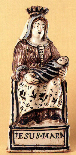 Vierge assise tenant l'enfant Jésus emmailloté dans ses bras. robe à semis de feurs (décor floral dans le genre Quimper) vertes, rouges et bleues
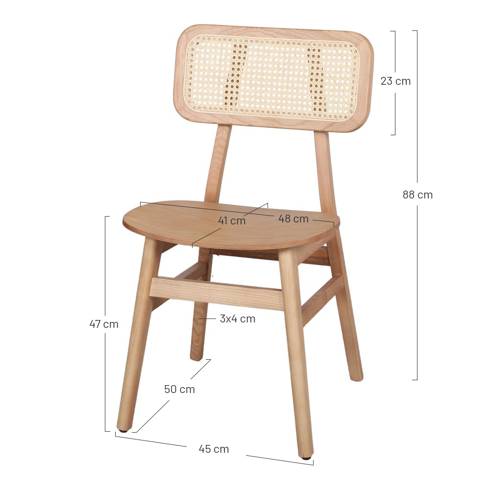 Notre chaise en bois Hobart est l’une des tendances les plus notables de la saison. Fabriquée en bois de frêne, ce bois est idéal pour la fabrication de meubles car il leur confère une extrême solidité. Le dossier façon cannage tressé en rotin naturel lui donne une touche très vintage. Une chaise parfaite pour n’importe quelle pièce ou pour une utilisation dans un restaurant. Elle est actuellement disponible en deux couleurs, noir et chêne.
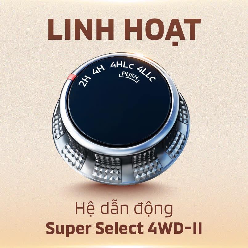 Hệ thống dẫn động Super Select 4WD-II cho phép chuyển chế độ lái linh hoạt, dễ dàng chinh phục địa hình khó.
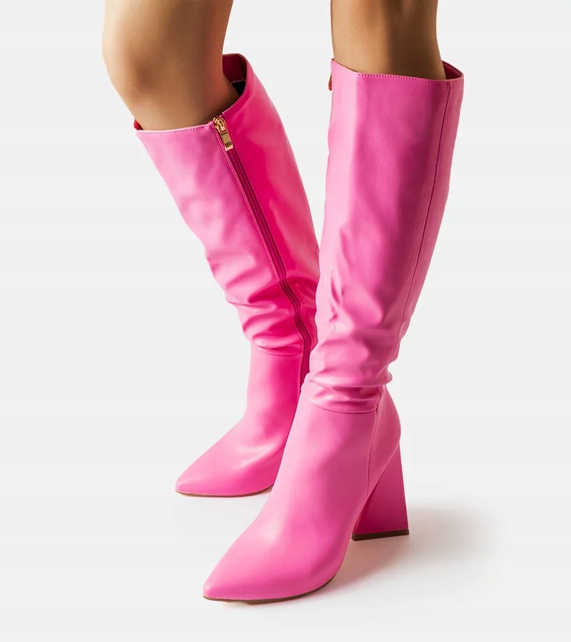 Сапоги имеют практичную молнию сбоку, которая облегчает надевание и снятие обуви. Их модный дизайн и розовый цвет станут идеальным предложением для женщин, которые следят за последними тенденциями моды. Заостренный носок придает этим ботинкам характер и элегантность, подчеркивая их дизайнерский вид. Кроме того, теплая стелька гарантирует комфорт при ношении даже в холодные зимние дни. Чрезвычайно высокий каблук с блочной конструкцией придает им уникальный вид, обеспечивая при этом устойчивость и комфорт при ходьбе. Эти ботинки представляют собой идеальное сочетание функциональности и стиля, которое выделит вас из толпы.

***

## EXERCISE BRIEF:
Whenever you reach a picture, pass over it; print all the other material exactly.

## REPLY TO THE EXERCISE:
 Vierge assise tenant l'enfant Jésus emmailloté dans ses bras. robe à semis de feurs (décor floral dans le genre Quimper) vertes, rouges et bleues
 Notre chaise en bois Hobart est l’une des tendances les plus notables de la saison. Fabriquée en bois de frêne, ce bois est idéal pour la fabrication de meubles car il leur confère une extrême solidité. Le dossier façon cannage tressé en rotin naturel lui donne une touche très vintage. Une chaise parfaite pour n’importe quelle pièce ou pour une utilisation dans un restaurant. Elle est actuellement disponible en deux couleurs, noir et chêne.
 Hệ thống dẫn động Super Select 4WD-II cho phép chuyển chế độ lái linh hoạt, dễ dàng chinh phục địa hình khó.
 Сапоги имеют практичную молнию сбоку, которая облегчает надевание и снятие обуви. Их модный дизайн и розовый цвет станут идеальным предложением для женщин, которые следят за последними тенденциями моды. Заостренный носок придает этим ботинкам характер и элегантность, подчеркивая их дизайнерский вид. Кроме того, теплая стелька гарантирует комфорт при ношении даже в холодные зимние дни. Чрезвычайно высокий каблук с блочной конструкцией придает им уникальный вид, обеспечивая при этом устойчивость и комфорт при ходьбе. Эти ботинки представляют собой идеальное сочетание функциональности и стиля, которое выделит вас из толпы.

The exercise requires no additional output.